Finance leaders should start by focusing on existing tools and platforms, particularly those provided by their ERP and CRM vendors. This is the low-hanging fruit for a quick and impactful start. AI technologies are advancing rapidly, with new tools, algorithms and data sets emerging weekly. While the hype surrounding AI can sometimes make it seem overvalued, rapid progress in this area makes it clear that AI is a long-term play with significant potential. Therefore, by leveraging current tool vendors, Finance leaders can integrate AI solutions without the need for extensive internal development or facing immediate regulatory challenges.
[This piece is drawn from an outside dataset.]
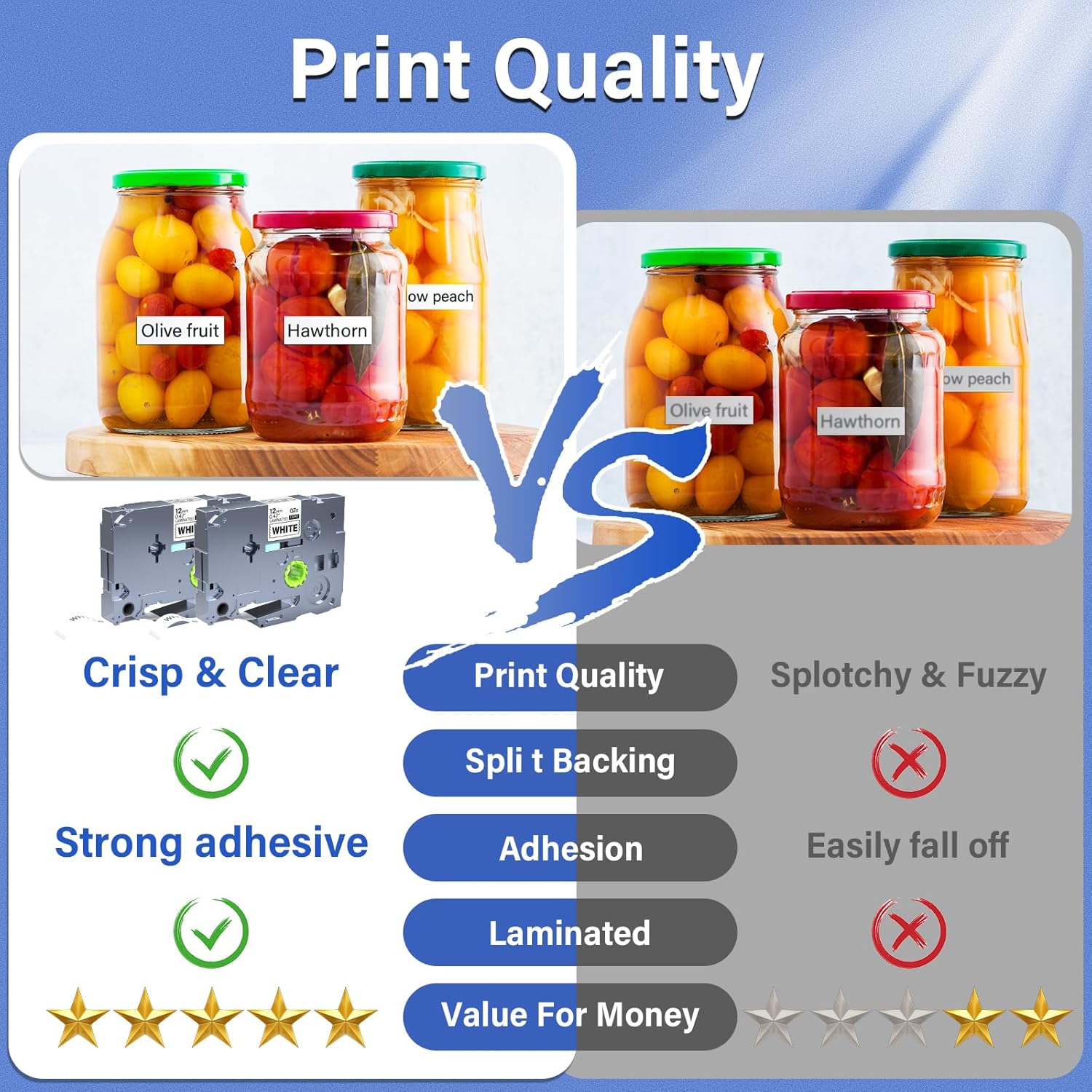 8Pack TZe-231 Tape Label Maker Compatible with Brother P-Touch TZe-231 Tape, TZE231 ½” 0.47”x 26.2 ft Laminated Black on White, for use with PT-D210, PT-H110, PT-D220, PT-D410, PT-D600

AI has reached remarkable levels of cognitive capability, with models like GPT-4 achieving an estimated IQ of 152, outperforming 99% of human test-takers. These advancements enable AI to excel in complex assessments such as the SAT, GRE and even professional certification exams. However, this raises a philosophical debate: as AI becomes more capable, does it make humans less intelligent by reducing the need for critical thinking? While historically, automation has given rise to shifting cognitive behaviour – from calculators simplifying arithmetic to smartphones replacing memory recall – it also expands opportunities for higher-level abstract thinking. The real challenge lies in whether individuals leverage AI to enhance their capabilities or instead, become overly reliant on it. Ultimately, AI’s impact is not inherently good or bad, but depends on how societies and businesses choose to harness its potential.